El fenómeno Trump se explica de modo muy distinto al reduccionismo simplista de los predicadores de la democracia abstracta. Se debe al colapso del modelo imperialista cuyo único fruto verdadero es el incremento obsceno e incontrolable de la riqueza de una reducidísima élite de “trillonarios”, a costa de la marginación y la pobreza de las clases trabajadoras de todo el planeta, en primer lugar la de los propios Estados Unidos. Ni el mundo ni el pueblo norteamericano aceptan ya esta situación. Trump supo aprovechar ese rechazo para venderse como candidato antisistema y ganar la elección presidencial antepasada. La clase dominante norteamericana, aunque parezca increíble, hoy esta dividida y enfrentada por la misma causa. Trump es la cabeza visible de la corriente que sostiene que el colapso solo puede evitarse renunciando a la globalización económica, al militarismo, al expansionismo y al intervencionismo indiscriminado en el mundo, y concentrándose en hacer más grande y competitiva la economía para derrotar a China en el mercado mundial. De ahí su consigna de “¡Hagamos a América grande otra vez!”. Biden, en cambio, es la vuelta a la política crudamente expansionista, intervencionista y militarista que el pueblo rechazó al elegir a Trump. Por eso coincido con quienes piensan que este conflicto, lejos de haberse resuelto, apenas comienza.

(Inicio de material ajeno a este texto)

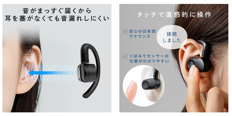 オープンイヤー型にありがちな音漏れを抑制し、カフェやオフィスでも使いやすい設計だ。ENC搭載マイクにより、騒がしい環境でもクリアな音声通話を実現。オンライン会議やテレワークにも最適です。タッチセンサーには“くぼみ”を設け、直感的な操作性にも配慮した。
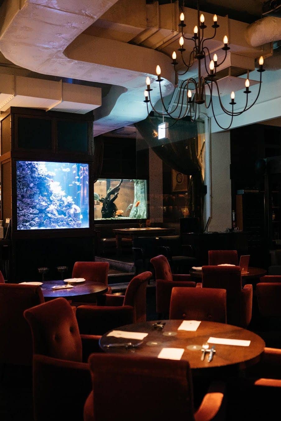 The walls of this basement restaurant feature tanks full of fish, some rainbow colored and others looking like they’re straight out of the Mesolithic. Den Aqua Room offers both course menus and à la carte. Menu highlights include pork in a red wine sauce and yuzu-glazed sausage. They mix up over 60 cocktails too, including eight types of highballs featuring Suntory whisky and bourbon.

La similitud con México radica en que, también aquí, el viejo sistema estaba en crisis, tanto por la concentración de la riqueza y el poder como por la corrupción del aparato de gobierno y por la marginación y el olvido de las masas populares. También aquí, el candidato López Obrador supo venderse como la opción antisistema y como la solución providencial a todos los problemas del país y de las masas trabajadoras. Fue eso, indudablemente, lo que lo catapultó a la cima del poder político. Por eso los antorchistas hemos sostenido, y seguimos sosteniendo hoy, que derrotar a Morena en las urnas es solo una parte del problema; que hace falta, además, un nuevo proyecto integral de país que procure el crecimiento y desarrollo económico sostenidos y con equidad y justicia social para todos. El peligro que nos amenaza no es el 6 de enero norteamericano, sino el de perder las elecciones próximas y consolidar por esa vía el desastroso proyecto morenista. O, peor aún, que la oposición reconquiste el poder solo para retornar al viejo modelo contra el cual votó el pueblo, lo que incrementaría sin remedio el descontento popular. Las consecuencias de una u otra alternativa son impredecibles, pero de ninguna manera optimistas ni esperanzadoras. Urge la construcción de un México real y enteramente nuevo, más justo y equitativo para todos, pero, sobre todo, para los olvidados de siempre. Esa es la lección de la elección norteamericana. Vale.